The new index will provide statistically significant data about college graduates, which has yet to be measured on a national basis. “It’s actually true today that there’s not a single college or university in this country that can tell any of us from a research-based perspective whether their graduates have good jobs and good lives,” said Busteed. “The best that they have maybe is some employment data six months after graduation or they know how much money you have given to the university as an alumnus.”

Dr. Dale Whittaker, the vice provost for undergraduate academic affairs at Purdue University, said that a team of Purdue faculty and staff members will be working with Gallup’s data scientists and employees to develop the national survey for the index  as well as a customized survey that will be administered to Purdue alumni.

“We will be using similar questions as the national [survey] but we will also be able to understand a little better what Purdue experiences may have led to those attributes of [graduate] success, wellness and satisfaction,” said Whittaker. “[The customized survey] will inform us about things at Purdue that work.”

Daniels, a former Indiana governor, has cited Gallup’s longtime history of researching employee attitudes about work as one of the reasons why Purdue was attracted to collaboration with the research organization. “They have 25 million interviews with workers and other populations that they have surveyed over the years. They’ve really learned a lot about what makes for success,” he told WIBC-TV this week.

Dr. Victor Borden, professor of Educational Leadership and Policy Studies at Indiana University, said the Gallup-Purdue Index appears to break new ground among current research initiatives that focus on higher education accountability. Borden is the lead researcher of the annual Diverse: Issues In Higher Education Top 100 lists, which track higher education degree production by minority students.

“[Research efforts] need to go beyond the very limited economic outcome measures that have been purported as the be-all, end-all outcomes that students make in terms of employment after college, particularly because that focus is on certain types of jobs being better than others because you make more money,” Borden said.

He noted that Purdue’s involvement can be largely attributed to Daniels. “Mitch Daniels is a very entrepreneurial and thoughtful leader who is trying to contribute in certain ways [given] his interesting background as a public politician and now a university president.”

Dr. Anthony Carnevale, the director and research professor at the Georgetown University Center on Education and the Workforce, applauded Gallup and Purdue for establishing a survey project that will attempt to fill a significant research gap on college graduates and their life outcomes.

“[Gallup and Purdue University officials are] probably the right people,” he said. “[Gallup has done] this for a very long time.
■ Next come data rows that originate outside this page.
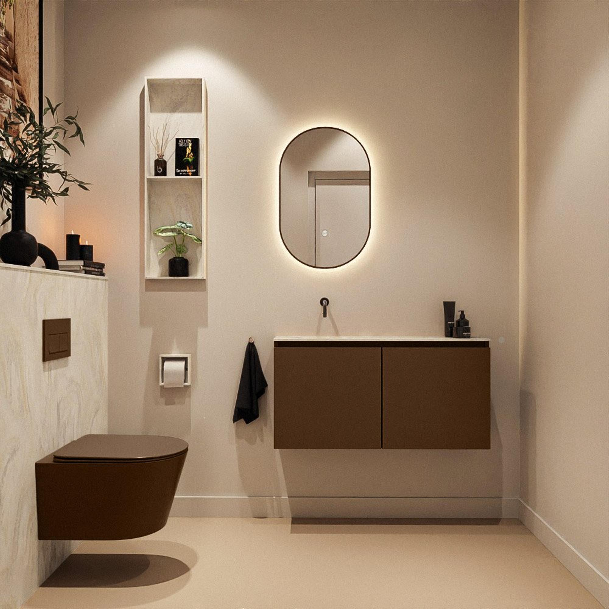 - Meuble moderne couleur Rust (brun) avec façades sans poignées pour une apparence épurée et calme.
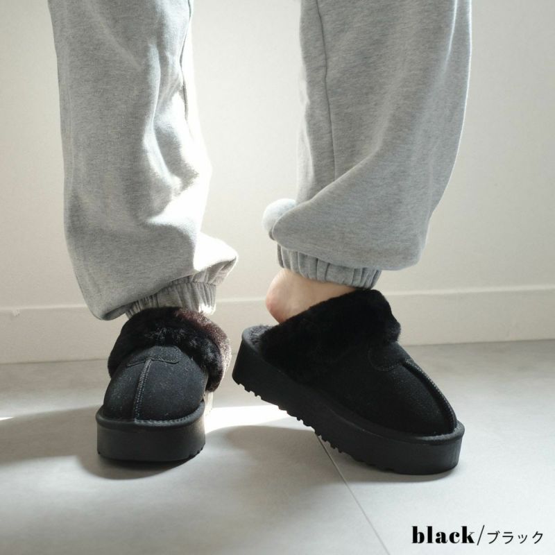 厚底4cmソールふわふわの内側全面ファーで足元あったか。
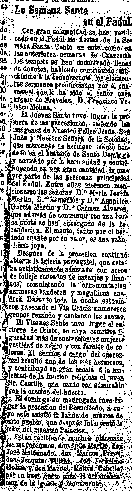 15 de Abril de 1903. Semana Santa en el Padul
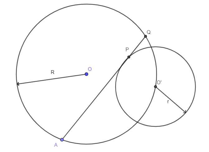 Se o círculo menor não for tangente a [tex3]AQ[/tex3], então não será possível determinar o raio maior, pois existem infinitos pontos [tex3]O'[/tex3] tais que [tex3]O'P = 6[/tex3] e cada um deles gera um [tex3]R[/tex3] diferente.
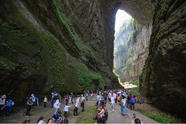 當天,游客們排隊前往了天生三橋景區,豁然洞開的天龍橋贏得游客驚嘆連連,站在高大山體橋墩下的游客們,被大自然得天獨厚的自然風光深深吸引,拍照、錄像不停歇。游客紛紛直呼“絕”,山、水、瀑、峽、橋共同構成的一幅完美自然山水畫卷,天生三橋神奇美景給大家留下了深刻的印象。
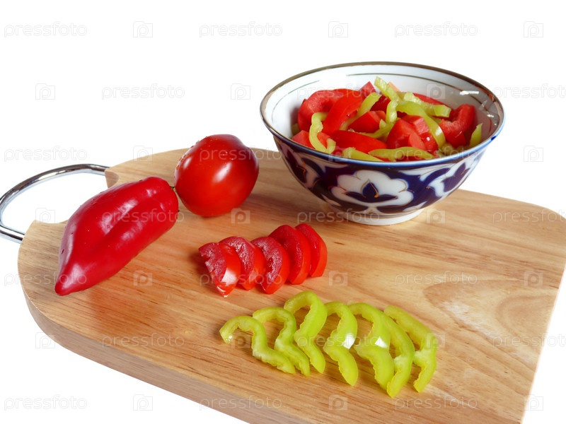 Нарезанный сладкий перец на разделочной доске
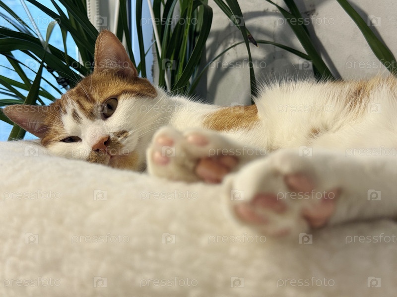 Красно-белый кот или кошка, лежащая на боку и отдыхающая в кровати питомца

For decades, they have done this in labor markets, asking people about their jobs.”

Carnevale believes the project will be watched nationally by higher education leaders and education advocates. Gallup has issued an open invitation to American colleges and universities to join the research collaborative as partner schools.

“The idea that you need to care about your students after they graduate is spreading gradually in higher education,” Carnevale said. “Higher education institutions, many of which have been interested in the UCLA surveys and the like on student engagement, have grown more interested in the issues of engagement once [their students are] gone.